Principal Investigator
Name
Jason Wright
Degrees
M.D
Institution
Columbia University
Position Title
Sol Goldman Associate Professor, Chief Division of Gynecologic Oncology
Email
About this CDAS Project
Study
PLCO (Learn more about this study)
Project ID
PLCO-515
Initial CDAS Request Approval
Aug 23, 2019
Title
Towards Precision Prevention: Applying advanced data analytic and machine learning techniques to improve ovarian cancer screening.
Summary
Ovarian cancer is the leading cause of death by gynecologic malignancy.  Early detection of localized disease increases 5 year mortaility by over 3-fold compared to late stage diagnosis. (5-year survival rates range from 92.5% for localized cancer to 28.9% for cancer with distant spread.) Early stage disease is often asymptomatic and there are no effective screening strategies for asymptomatic women who are not known to be at high risk for ovarian cancer.

More sensitive and specific screening strategies are needed. While research is ongoing into novel serologic tests and better diagnostic imaging, which have future potential to improve disease detection , there is the potential for analysis of available data using advanced data analytics and machine learning techniques that may lead to better screening strategies, which are testable in the near term.
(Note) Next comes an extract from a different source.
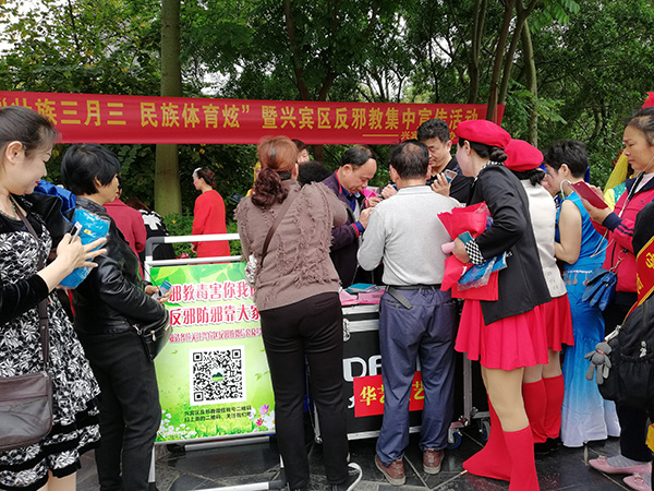 来宾市是2018年广西“壮族三月三·民族体育炫”活动暨体育庙会活动的主会场,兴宾区防范办组织“五老”志愿者在 “三月三”系列活动活动现场悬挂横幅、展示展板和发放反邪宣传资料,向前来观看比赛的群众宣传邪教的主要特征和危害、国家取缔邪教组织的相关法律法规、邪教与宗教的区别等内容,并手把手指导群众通过手机关注微信公众号,并参与“文明家庭拒绝邪教”承诺网上签卡活动,营造了浓厚的反邪、防邪社会氛围,切实增强广大人民群众自觉抵御邪教侵蚀的能力。

We are proposing to analyze the PLCO study data employing a wider range of advanced data analytics and machine learning techniques than any previous studies in ovarian cancer detection. We will study relevant variables in the PLCO ovarian cancer data sets which include: comprehensive screening, screening abnormalities, diagnostic procedures, medical complications, and treatments. We will use regression and classification techniques including linear models; both ordinary linear regression as well as regression using regularization techniques such as Ridge, Lasso, and Elastic Net. We will test a wide variety of other techniques such as random forests, gradient boosting, neural networks, decision trees, and support vector machines.
Aims

AIMS.

(1) Improve our understanding of the risk factors associated with ovarian cancer, identify better screening procedures, and subsets of the general population who might derive greater benefits from screening: specific questions addressed will include:

• Can we identify is a subset of identifiable patients who may benefit from evaluation by TVUS and CA125 and were not picked up in the highest quality studies to date. (PLCO and UKCTOCS)?

• Can we identify an algorithm that can improve current methods to calculate\ risk of undetected ovarian cancer?

(2) To generate the best ensemble risk models from a variety of constituent models using a variety of techniques.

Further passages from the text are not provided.